<a id='list'></a>
## PART 1: The List
_Lists_ are ordered collections of data objects/items. Create lists using square brackets `[]` with objects separated by commas.

Here is an example: `my_list = [item1, item2, item3]`

When to use lists:
* Storing ordered strings (like file names or paths)
* Series of mixed data types
* Storing information that you want to iterate through (foreshadowing for loops)
* Storing short, ordered group of numbers

When to look for alternatives:
* Storing large amounts of numbers: numpy package
* Storing multi-dimensional data: numpy package
* Grouped data: pandas package

In [None]:
list_numbers = [1, 3, 4, 2, 10]
list_numbers

In [None]:
sorted(list_numbers)

In [None]:
list_mixed = [2, 'one',  'three', 5]
list_mixed

In [None]:
sorted(list_mixed)

In [None]:
list(range(0,10)) # use list() to explicity create a list of consecutive numbers

In [None]:
list(range(0,10,2))

In [None]:
list_nested = [['first_sublist',1], ['second_sublist',2], ['third_sublist',3]]
print(list_nested[1])
list_nested[1][1]

In [None]:
# we can use set() to isolate the unique values in a list; set() doesn't return a list that we can slice (returns a set, which is unindexable), so we convert back to a list
list(set([1, 1, 2, 2, 2, 3]))

### Recall that we can extract specific entries of a string using slicing; the same can be performed with lists

In [None]:
my_list = [2, 'one',  'three', 5, 'ten', 31, 'one hundred', 101]

print(my_list[0:5])
print(my_list[6:]) # go from 6th entry onward; automatically uses last index as end
print(my_list[:-5]) # go up to the entry 5th from the end 

In [None]:
print(my_list[0:7:2]) # start_index:end_index:interval, get every other item
print(my_list[::2]) # automatically use first and last index
print(my_list[1::2]) # start on index 1, get every other item

Lists are _mutable_: we can reassign elements of a list or add to/take from list.

> __*mutable*__

> Objects that can change its value  
Contrast to _immutable_ objects that cannot change, e.g. numbers, strings, tuples (covered shortly)

In [None]:
# strings are immutable!
tmp = 'adsad'
tmp[0] = 'd'

# but lists are!
tmp = [0, 1, 2, 3]
tmp[0] = 1
print(tmp)

Variable assignment _binds_ objects to variable name. This means that if the original variable is assigned to a second (copy), any modifications on the second will also propagate to the original - this is in part for python efficiency and resource management. Be careful when working with mutable objects such as lists. 

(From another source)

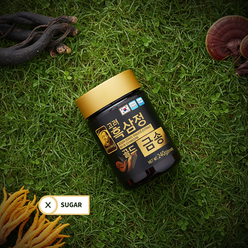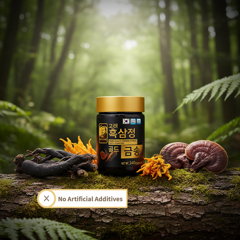 مستخلص الجينسنغ الأسود الكوري، مستخلص الكورديسيبس ميليتاريس، مستخلص فطر الريشي، الجينسنغ الأحمر المخمر (اختياري)، مستخلص جذر عرق السوس، مسحوق جذر الزنجبيل، قاعدة العسل (أثر)، الماء النقي (لتعليق المعجون)، حاملات المستخلص الطبيعية (مستندة إلى النباتات)، حمض الستريك غير المعدل وراثيًا (مثبت).

While this is a common theme across python data structures (we will see this phenomenon a few more times in later lessons), it does not usually cause problems in neuroscience computing. It is still good to keep in the back of your mind.

In [None]:
var2 = [0, 1, 1, 2, 3, 5, 8]
var3 = var2

In [None]:
var2

In [None]:
var3

In [None]:
var3[3] = 42
print(var2)
print(var3)

In [None]:
# Here's the fix
var4 = [0, 1, 1, 2, 3, 5, 8]
var5 = list(var4)
var5[3] = 42
print(var4)
print(var5)

### List "functions"

In [None]:
# use the append method to add an item to a list.
my_list.append('g')
print(my_list)

In [None]:
my_list = [2, 'one',  'three', 5, 'ten', 31, 'one hundred', 101]

my_list[0:1] = [200, 201]
print(my_list)

In [None]:
popped_item = my_list.pop(1) # remove nth (1st) item
print(my_list)
print("Popped item:", popped_item)

In [None]:
my_list.insert(1,201)
my_list

In [None]:
my_number_list = [2, 10, 30, 1]
my_number_list.sort()
print(my_number_list)

In [None]:
len(my_number_list)

In [None]:
max(my_number_list)

##### At this point, you might be wondering why in python we have:
1. Repeating names followed by variables enclosed in parens, like `len(my_number_list)` or `max(my_number_list)`. 
2. Why there are what seems to be functions as well but come after a period following the target variable, like `my_number_list.sort()`. 
 
These are called __functions__ and __methods__, respectively. Let me break them down.

___
Let's focus on functions first. 

Functions are blocks of code that can be rerun and called (ie. executed) with a single statement. It's good practice to make sure functions serve a single purpose. `print()` is one such function where it takes in a single required argument in parens, typically a series of alphabets enclosed with quotes, and displays it as output. 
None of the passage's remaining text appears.